The Federal Trade Commission (FTC) will soon enact a rule that will ban most noncompete agreements. But the Nevada Legislature should secure a ban on noncompete agreements for our workers in the next legislative session nevertheless. Noncompetes prevent workers from freely moving in the labor market by limiting their ability to earn a living or seek better opportunities in their field.
In what an opinion columnist in The New York Times calls the “Great American Labor Trap,” noncompetes lead to lost wages of $250 billion per year nationally, due to one in five American workers being subject to noncompetes. Not used merely for deep-pocketed executives with bargaining power, noncompetes effectively ban workers from their professions and infiltrate all labor sectors — even hairstylists, security guards and medical professionals.
Noncompete agreements fly against the ostensible core value of economic liberty, for which the FTC functions as a sentinel at the gates for “unfair methods of competition.”
“Unless you’re willing to move hundreds of miles away or take a huge pay cut to restart your career from scratch, a noncompete can effectively lock you into a job. That’s a clear restriction of individual liberty,” FTC Chair Lina Khan stated. The agency now drafts a new regulation to ban or severely limit noncompetes.
Noncompetes strangle workers’ futures. Handcuffing workers’ employment options decrease the possibilities of wage increases and job mobility throughout the labor market — giving employers an unfair edge over workers. A company doesn’t feel compelled to give a raise or treat an employee better if they can’t take a job across town. States with bans already in place saw wage increases immediately after rollout.
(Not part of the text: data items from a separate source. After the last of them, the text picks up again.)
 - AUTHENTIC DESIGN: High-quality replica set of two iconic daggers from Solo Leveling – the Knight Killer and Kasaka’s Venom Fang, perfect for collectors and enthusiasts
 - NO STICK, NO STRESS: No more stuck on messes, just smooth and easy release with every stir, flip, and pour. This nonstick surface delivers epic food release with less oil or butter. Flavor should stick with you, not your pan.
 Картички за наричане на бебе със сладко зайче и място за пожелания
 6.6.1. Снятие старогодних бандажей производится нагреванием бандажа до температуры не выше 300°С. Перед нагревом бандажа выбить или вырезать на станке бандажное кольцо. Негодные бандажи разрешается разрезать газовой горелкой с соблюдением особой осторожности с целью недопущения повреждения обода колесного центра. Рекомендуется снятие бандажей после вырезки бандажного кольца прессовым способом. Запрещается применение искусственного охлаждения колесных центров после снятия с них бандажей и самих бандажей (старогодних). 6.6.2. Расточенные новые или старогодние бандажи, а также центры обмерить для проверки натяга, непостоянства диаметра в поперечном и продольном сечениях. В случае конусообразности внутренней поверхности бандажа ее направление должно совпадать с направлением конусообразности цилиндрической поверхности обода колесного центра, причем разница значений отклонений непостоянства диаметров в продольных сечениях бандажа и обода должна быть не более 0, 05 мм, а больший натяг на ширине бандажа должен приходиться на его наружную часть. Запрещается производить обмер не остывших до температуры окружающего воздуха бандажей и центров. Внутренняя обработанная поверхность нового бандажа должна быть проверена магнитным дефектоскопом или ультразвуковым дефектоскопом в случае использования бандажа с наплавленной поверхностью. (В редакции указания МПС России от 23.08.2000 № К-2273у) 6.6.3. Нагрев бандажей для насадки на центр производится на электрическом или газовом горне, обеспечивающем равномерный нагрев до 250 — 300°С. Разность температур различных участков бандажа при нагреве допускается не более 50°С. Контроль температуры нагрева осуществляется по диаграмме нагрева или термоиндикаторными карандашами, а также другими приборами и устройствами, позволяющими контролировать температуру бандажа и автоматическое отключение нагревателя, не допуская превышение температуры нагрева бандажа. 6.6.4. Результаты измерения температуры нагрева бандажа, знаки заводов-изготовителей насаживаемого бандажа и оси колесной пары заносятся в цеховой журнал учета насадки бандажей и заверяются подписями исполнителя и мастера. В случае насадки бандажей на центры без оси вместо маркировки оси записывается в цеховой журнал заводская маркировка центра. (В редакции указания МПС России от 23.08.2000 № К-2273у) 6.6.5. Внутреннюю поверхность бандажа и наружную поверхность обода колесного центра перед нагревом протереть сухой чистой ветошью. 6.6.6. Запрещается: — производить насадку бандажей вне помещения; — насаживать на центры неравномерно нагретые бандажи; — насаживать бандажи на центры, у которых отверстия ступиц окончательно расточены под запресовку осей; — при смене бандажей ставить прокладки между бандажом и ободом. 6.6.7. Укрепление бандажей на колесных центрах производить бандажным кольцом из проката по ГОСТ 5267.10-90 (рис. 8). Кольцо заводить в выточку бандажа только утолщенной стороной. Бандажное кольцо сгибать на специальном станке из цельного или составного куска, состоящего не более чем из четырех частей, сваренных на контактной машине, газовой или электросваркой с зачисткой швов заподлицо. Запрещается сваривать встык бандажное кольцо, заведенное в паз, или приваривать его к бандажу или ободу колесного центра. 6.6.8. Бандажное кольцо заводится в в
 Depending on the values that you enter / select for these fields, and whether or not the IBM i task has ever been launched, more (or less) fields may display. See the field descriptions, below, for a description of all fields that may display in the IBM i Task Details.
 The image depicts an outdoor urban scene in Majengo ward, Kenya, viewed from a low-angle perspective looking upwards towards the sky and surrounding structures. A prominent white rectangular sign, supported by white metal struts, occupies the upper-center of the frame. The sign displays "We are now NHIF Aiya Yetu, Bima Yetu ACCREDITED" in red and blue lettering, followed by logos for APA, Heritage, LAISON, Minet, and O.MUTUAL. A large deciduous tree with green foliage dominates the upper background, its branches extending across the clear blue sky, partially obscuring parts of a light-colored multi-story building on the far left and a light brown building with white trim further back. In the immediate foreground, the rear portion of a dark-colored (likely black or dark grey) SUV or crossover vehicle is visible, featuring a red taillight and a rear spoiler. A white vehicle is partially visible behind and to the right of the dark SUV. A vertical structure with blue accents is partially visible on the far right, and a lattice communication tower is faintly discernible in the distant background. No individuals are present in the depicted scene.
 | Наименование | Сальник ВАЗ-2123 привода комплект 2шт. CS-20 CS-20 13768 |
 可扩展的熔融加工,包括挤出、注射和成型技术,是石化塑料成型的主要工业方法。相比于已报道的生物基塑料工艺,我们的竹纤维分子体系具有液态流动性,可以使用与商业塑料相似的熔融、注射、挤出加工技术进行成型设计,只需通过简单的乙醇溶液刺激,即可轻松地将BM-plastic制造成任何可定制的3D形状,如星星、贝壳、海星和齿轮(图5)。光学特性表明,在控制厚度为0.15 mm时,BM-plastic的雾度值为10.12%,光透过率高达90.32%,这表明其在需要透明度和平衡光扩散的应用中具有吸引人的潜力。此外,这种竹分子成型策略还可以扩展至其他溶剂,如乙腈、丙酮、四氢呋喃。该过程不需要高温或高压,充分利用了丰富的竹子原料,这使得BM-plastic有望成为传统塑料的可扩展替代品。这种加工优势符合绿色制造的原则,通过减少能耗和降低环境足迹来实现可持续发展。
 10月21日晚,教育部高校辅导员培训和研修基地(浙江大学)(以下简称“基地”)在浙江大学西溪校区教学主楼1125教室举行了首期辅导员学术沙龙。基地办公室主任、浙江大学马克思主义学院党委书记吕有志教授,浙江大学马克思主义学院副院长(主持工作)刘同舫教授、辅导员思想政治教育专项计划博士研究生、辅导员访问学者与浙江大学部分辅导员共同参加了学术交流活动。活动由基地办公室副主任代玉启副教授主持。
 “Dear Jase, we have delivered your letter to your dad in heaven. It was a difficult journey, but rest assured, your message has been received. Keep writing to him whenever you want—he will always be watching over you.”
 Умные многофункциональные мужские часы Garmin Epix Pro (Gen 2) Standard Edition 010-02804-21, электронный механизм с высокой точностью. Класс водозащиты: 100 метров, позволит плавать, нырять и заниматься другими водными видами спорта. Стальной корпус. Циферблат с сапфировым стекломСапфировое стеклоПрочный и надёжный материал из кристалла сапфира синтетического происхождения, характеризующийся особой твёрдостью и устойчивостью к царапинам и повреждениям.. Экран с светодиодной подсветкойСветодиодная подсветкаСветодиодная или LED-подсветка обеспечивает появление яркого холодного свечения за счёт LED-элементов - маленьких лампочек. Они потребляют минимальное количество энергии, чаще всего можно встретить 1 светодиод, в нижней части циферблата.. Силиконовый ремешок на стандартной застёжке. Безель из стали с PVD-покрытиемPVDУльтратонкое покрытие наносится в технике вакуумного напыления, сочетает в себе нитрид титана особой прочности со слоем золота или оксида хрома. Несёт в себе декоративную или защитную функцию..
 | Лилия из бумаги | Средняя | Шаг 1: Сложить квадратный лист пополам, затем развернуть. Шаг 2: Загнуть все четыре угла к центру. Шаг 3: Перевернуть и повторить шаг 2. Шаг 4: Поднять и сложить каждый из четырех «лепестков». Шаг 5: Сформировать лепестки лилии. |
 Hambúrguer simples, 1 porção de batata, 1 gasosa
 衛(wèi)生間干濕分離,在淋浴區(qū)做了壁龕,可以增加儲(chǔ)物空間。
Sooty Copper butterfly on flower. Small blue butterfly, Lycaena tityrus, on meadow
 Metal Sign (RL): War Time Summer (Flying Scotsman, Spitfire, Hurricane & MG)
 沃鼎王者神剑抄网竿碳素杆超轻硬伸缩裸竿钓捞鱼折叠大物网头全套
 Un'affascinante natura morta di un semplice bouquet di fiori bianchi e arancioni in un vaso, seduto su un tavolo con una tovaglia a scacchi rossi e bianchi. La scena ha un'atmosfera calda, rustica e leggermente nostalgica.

The FTC’s planned ban is sweeping and unprecedented. And — unfortunately — it stands a good chance of being struck down soon in federal court. The post Trump-era Supreme Court has proved generally hostile to administrative agencies tackling any major issues.
This means states need to do more. Two Nevada statutes are relevant here. In 2016, the Legislature enshrined the “blue pencil doctrine.” This allows judges to strike down noncompetes that are “unreasonable” in scope or geography while keeping the remainder in effect. For example, if a noncompete agreement runs for five years, the judge may do some editing — turning an unreasonable five-year term into a more reasonable three-year ban.
Employers know (or at least their lawyers know) that even if a lawsuit reaches the courts, the judge will give some effect to the noncompete, even where the employer overreaches. This, coupled with the understanding that many workers lack the legal savvy or resources to contest a noncompete, creates the impetus for the agreements’ continued use. In the 2021 session, the Legislature thankfully banned hourly worker noncompetes, but did not stop the use of the blue pencil doctrine.
Noncompete agreements promote harassment of former employees and even unenforceable ones may stop employees from changing jobs. Even if a former worker abides by the contractual obligations of a noncompete, an employer may still use it as a justification to threaten and harass departing employees.
Without knowing if the noncompete is enforceable and without the resources to hire counsel to investigate further, workers tend to acquiesce. These scare tactics reinforce the belief that the noncompete agreements are valid regardless of actual enforceability. These tactics remain common especially amongst Nevada’s health care providers.
Nevada’s persistent health care shortages underscore noncompete agreements’ ill effects. Two out of three Nevadans live without ready access to general practitioners. Health care corporations create oligopolies and fiercely defend their carved out territories through noncompetes. By ceding to the employer the power to redistribute patients, noncompetes divide doctors from patients. Doctors are hence blocked from freely serving their communities; creating worse patient outcomes and higher health care costs.
Certainly, businesses require contracting safeguards for their legitimate economic interests, but businesses have many other legal tools to utilize: nondisclosure agreements, nonsolicitation clauses and trade secret protections. Term employment contracts can protect employer investment in a worker just as well or better than noncompete clauses. A familiar business, Major League Baseball, thrives with these contracts, while still maintaining player mobility.
Businesses have — and will continue to have — leverage to protect their legitimate interests. Instead, noncompetes are used merely to keep employees from leaving.
The business interest in noncompete agreements simply does not outweigh the public good. Continuing to enforce noncompetes agreements will create further harm not only to workers, but to Nevada as a whole. The Nevada Legislature should follow the FTC’s lead and protect our workers by passing a statutory ban on noncompete agreements in the next session.
Kathryn James is a student at UNLV’s Boyd School of Law, and has done extensive research and work on this topic with professor Benjamin Edwards and the university’s Public Policy Clinic.